Analyze the results and interpret the data

“Student evaluation results represent scientific data, but research suggests that faculty readily interpret that data without reference to established statistical principles” (p. 278). As an example, Boysen points to the small variations in average scores that lead faculty to conclude they've improved or they need to. Error is inherent in any psychological measurement, including these less-than-precise measures of teaching effectiveness. Teachers need to look at the results from multiple sections and across multiple semesters or terms before making big changes.

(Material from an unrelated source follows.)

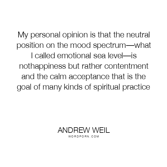 My personal opinion is that the neutral position on the mood spectrum—what I called emotional sea level—is nothappiness but rather contentment and the calm acceptance that is the goal of many kinds of spiritual practice

Then there's the matter of student comments, which are usually received as an unorganized collection that encourages teachers to look at and respond to individual comments, often over-reacting to negative ones. The advice is to sort through comments systematically, disregarding those with no specific advice (“great teacher, you rock”) and those with negative assessments only offered by one or two students.

Act on the results

“Student evaluations can improve teaching when they are used as part of a process of professional consultation and goal setting” (p. 279). In other words, the research suggests that results should be discussed with a peer or instructional expert. Based on that conversation, faculty should set goals and proceed to implement changes.

This review is an outstanding piece of scholarship. Any faculty member who looks at student rating results and bases improvement decisions on them would be well advised to read and regularly review this article.

Reference: Boysen, G. A. (2016). Using student evaluations to improve teaching: Evidence-based recommendations. Scholarship of Teaching and Learning in Psychology, 2(4), 273–284.